Simone, petite Grande Personne Soigneuse à la voix virtuelle, me guide dans le petit matin voilé. Tout de blanc impalpable vêtus, les bras tourmentés des vignes taillées courtes, surgissent parfois sous le pinceau étroit de mes phares écarquillés, comme des cris noirs et muets, dans le mur étouffant du brouillard ouaté. C’est mon ami, le Cardinal Flamboyant, arpenteur infatigable de la Rive dite « Droite » – et pourtant ô combien tortueuse – de la Garonne Bordelaise, que je m’en vais rejoindre, à Saint André de Cubzac, non loin de l’embouchure de l’estuaire Girondin, que creusent sans cesse, les élégantes ragondines et les facétieux ragondins, trop souvent improbables, qui se répandent doctement autour du vin … Ce matin, point de glossateurs alentour. A l’abri, bien au chaud des rédactions, ou bien au confort de leurs officines indépendantes, ils ne risqueront pas leurs plumes frileuses au frimas. « God is on our side », ce faisant.

Or donc, Simone m’a mené à bon port. L’Ecclésiaste, en prières, chemine encore, quand je parque mon carrosse au flanc de la gare de Saint André de C. Les frimas de ce Janvier, tant attendu par les vignes, me mord les joues, tandis que je baguenaude, en fumant un de ces « Harengs », dits « de la Baltique », par mon complice « es » promenades viniques … Temps d’hiver, atmosphère particulière, les gens transis ont une démarche hésitante, et tous les bâtiments sont des châteaux hantés … Dans un état proche de la période glaciaire, j’erre, tourne autour de la station, en fouille les moindres recoins, zoom à la main, la démarche prudente et l’œil passé au « papier de verre » (Cartier-Bresson dixit). Bien m’en prend, je clichetronne à tout va.

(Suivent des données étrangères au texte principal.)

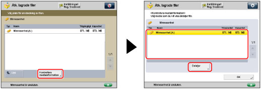 Tryck på [Kontrollera mediainformation] → välj önskad minnesenhet → tryck på [Detaljer].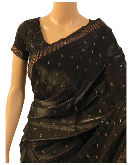 Designer Black Swarovski Satin Silk Saree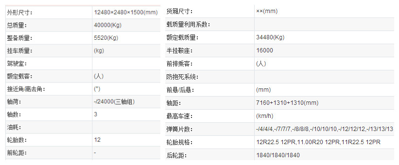 | 后轮距(mm) | 2040/2040/2040 | 轴荷(kg) | -/8000/8000/8000 |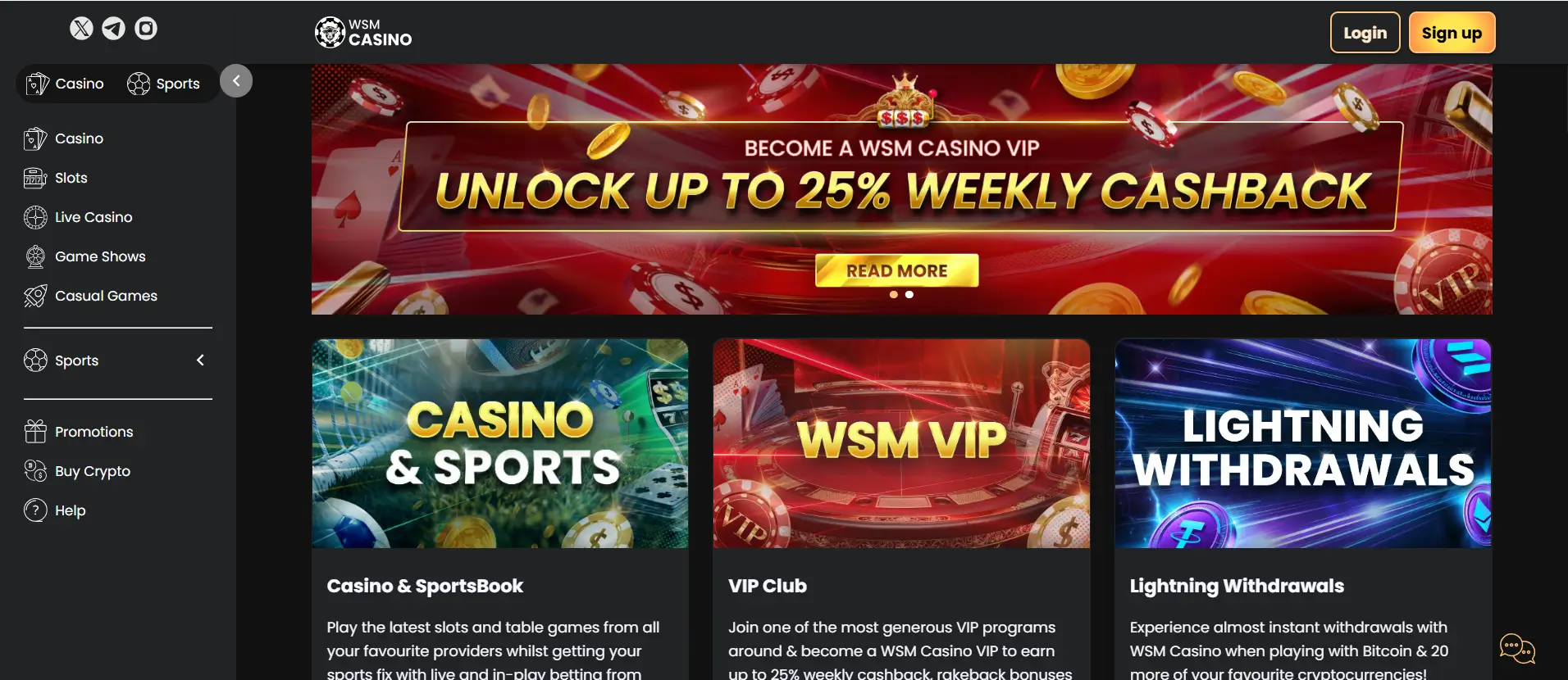 WSM Casino focuses on rapid crypto transactions and supports more than 15 cryptocurrencies. The platform promotes instant or near-instant payouts along with a growing game selection.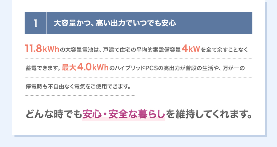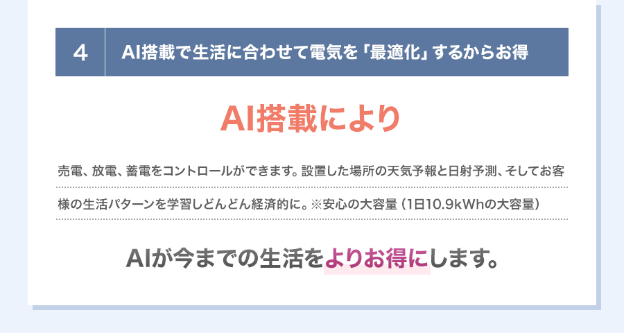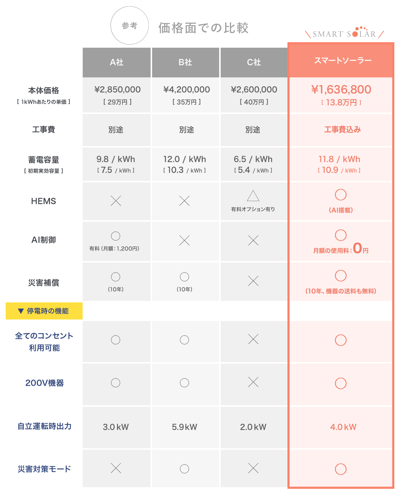 ・余剰電力24円/kWh買取(1年間限定)。※沖縄県、離島を除く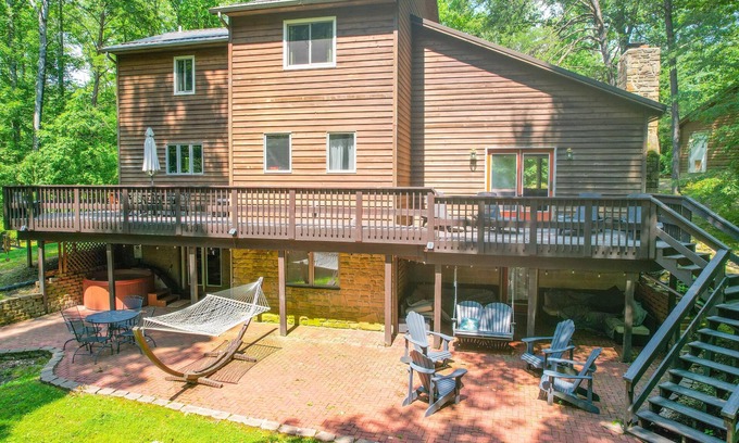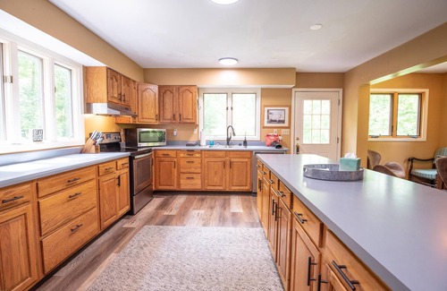 The Ridge also has an open and airy downstairs space for movie nights, with two additional bedrooms equipped with queen-sized beds, a complete bathroom, and a shower. Enjoy the magnificent views of the woods from the enormous elevated wraparound deck while sipping coffee. Come and indulge in the beauty of nature with your family or loved ones.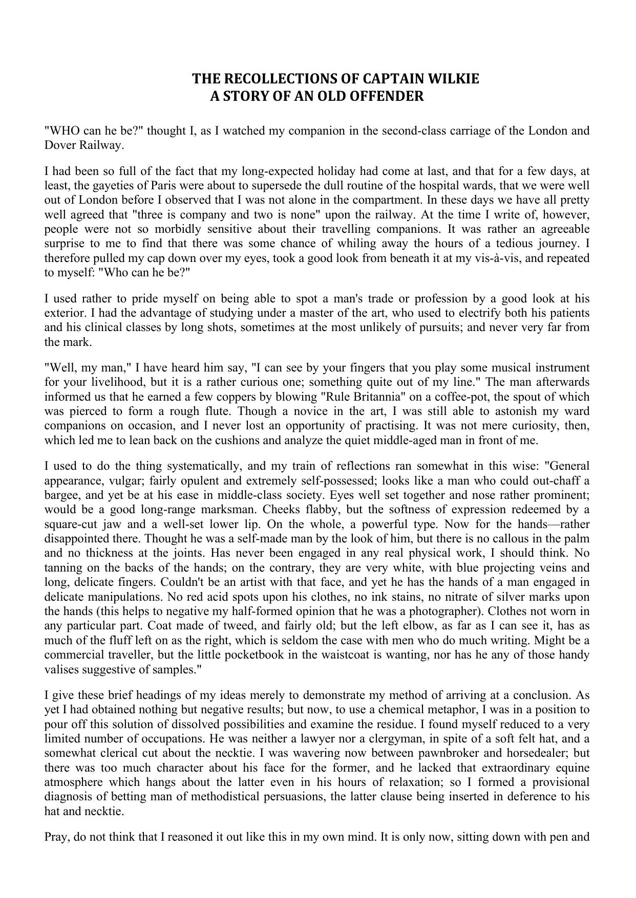 The Recollections of Captain Wilkie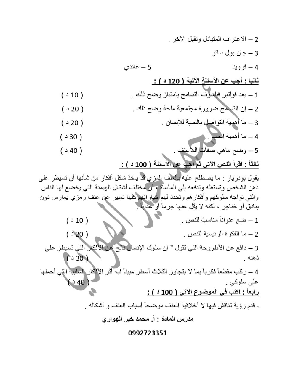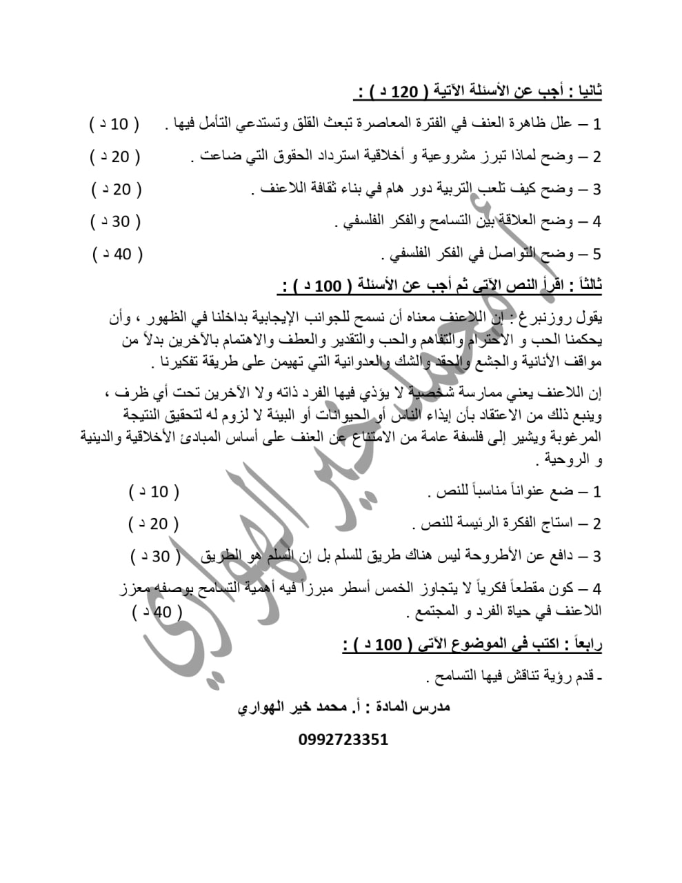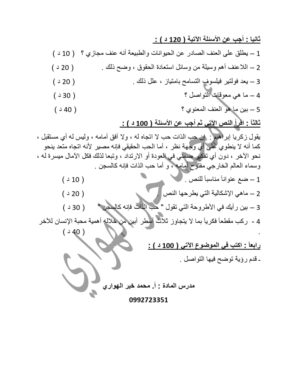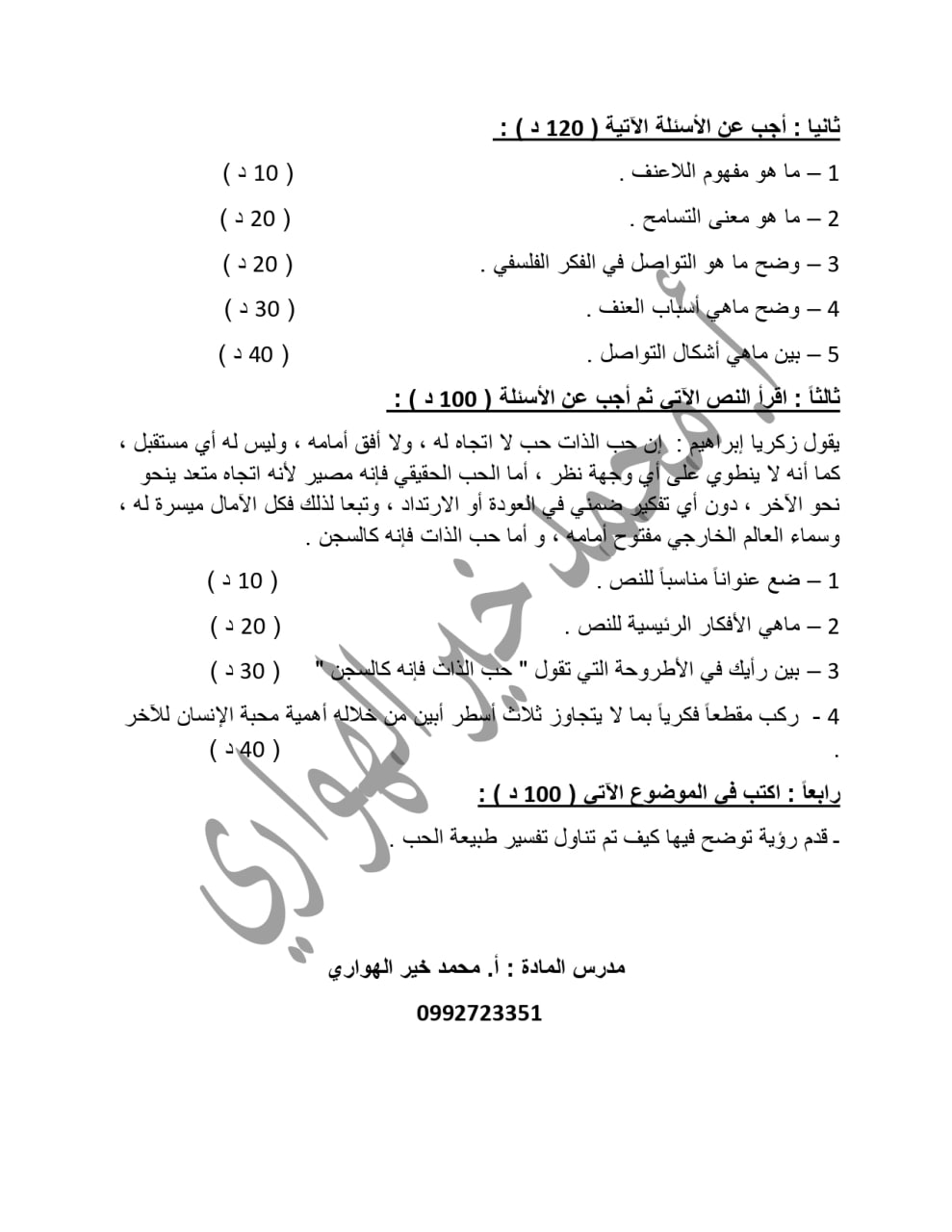 نماذج امتحانية مادة الفلسفة الوحدة الثانية بكالوريا ادبي المنهاج السوري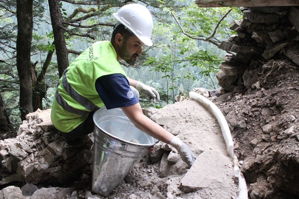| | Sümela Manastırı kayalıklarındaki 'saklı şapeller' ziyarete açılacak Sümela Manastırı'nda restorasyon sırasında ortaya çıkarılan iki şapel, Kültür ve Turizm Bakanlığı'nca gerçekleştirilecek restorasyonun ardından ziyarete açılacak.  Maçka ilçesindeki Karadağ'ın Altındere Vadisi'ne bakan eteğinde yaklaşık 300 metre yükseklikte inşa edilen Sümela Manastırı'nda kaya düşme riskine karşı 2015'te başlatılan restorasyon çalışmaları sırasında iki şapel bulundu.  Restorasyon ekibince "Mezarlık şapeli" ve "Saklı şapel" olarak nitelendirilen şapeller, Trabzon Kültür Varlıklarını Koruma Bölge Kurulu tarafından 2018'de "Korunması gerekli birinci grup kültür varlığı" olarak tescil edildi.  Daha önce hiçbir çalışma gerçekleştirilmemiş "Mezarlık şapeli" ile el değmemiş duvar resimlerine sahip "Saklı şapel" olarak nitelendirilen iki yapıda, Trabzon Müze Müdürlüğü başkanlığı ve Necmettin Erbakan Üniversitesi Sosyal ve Beşeri Bilimler Fakültesi Sanat Tarihi Bölümü Dr. Öğretim Üyesi İlker Mete Mimiroğlu'nun bilimsel danışmanlığında kazı ve temizlik çalışmaları gerçekleştirildi.  12. ile 19. yüzyıllara tarihlenen şapellerin restorasyonunun ardından ziyarete açılması planlanıyor. -  Trabzon Müzesi Müdürü Levent Alnıak, Türkiye'nin önemli kültür varlıklarından biri olan Sümela Manastırı'nda Kültür ve Turizm Bakanlığı tarafından temizlik ve kazı çalışmaları gerçekleştirildiğini anımsattı.  Alnıak, şunları kaydetti: "663 duvar resim parçası da Trabzon Restorasyon ve Konservasyon Bölge Laboratuvarı uzmanları eşliğinde envanterlenerek koruma altına alınmıştır. İleriki dönemlerde gerçekleşecek restorasyon çalışmaları ile bu yapıların ziyaretçilere açılması hedeflenmektedir."  SÜMELA MANASTIRI Karadağ'ın eteklerinde vadiden yaklaşık 300 metre yükseklikteki ormanlık alanda bulunan Sümela Manastırı, halk arasında "Meryem Ana" adı ile biliniyor. Kaynaklara göre, Sümela Manastırı'nın 18. yüzyılda birçok bölümü yenilendi, bazı duvarları fresklerle süslendi.  19. yüzyılda büyük binaların eklenmesiyle manastır ihtişamlı bir görünüm kazandı. Bu dönemde son şeklini alan manastır, pek çok yabancı seyyahın ziyaret ettiği, yazılarına konu ettiği bir yer haline geldi. Sümela Manastırı, ana kaya kilisesi, birkaç şapel, mutfak, öğrenci odaları, misafirhane, kütüphane ile kutsal ayazma gibi bölümlerden oluşuyor. Alıntıdır. |

Enfin, le Prélat se présente. Magnifique, la démarche chaloupée, chaussé d’un galure digne des plus beaux aventuriers des vignes, le sourire aux lèvres, et l’amitié en bandoulière. Foutre de moine syphilitique (!!!), petit grand bonheur, qui dissipe la brumaille et nous mène à discuter devant un café chaud. Il est des moments, comme ça, qui valent toutes les Rolex et les Fouquet’s – il faudra qu’on m’explique le pourquoi de la tournure Anglaise ? – du monde, quand au comptoir d’un bistrot perdu, on se sent bien, paisiblement, chaleureusement. En vérité. Un putain de AAA+ que nul « Norme et pauvres » (Standard and Poor’s) ne pourra jamais dégrader.

L’humanité serait-elle l’avenir possible de l’homme ?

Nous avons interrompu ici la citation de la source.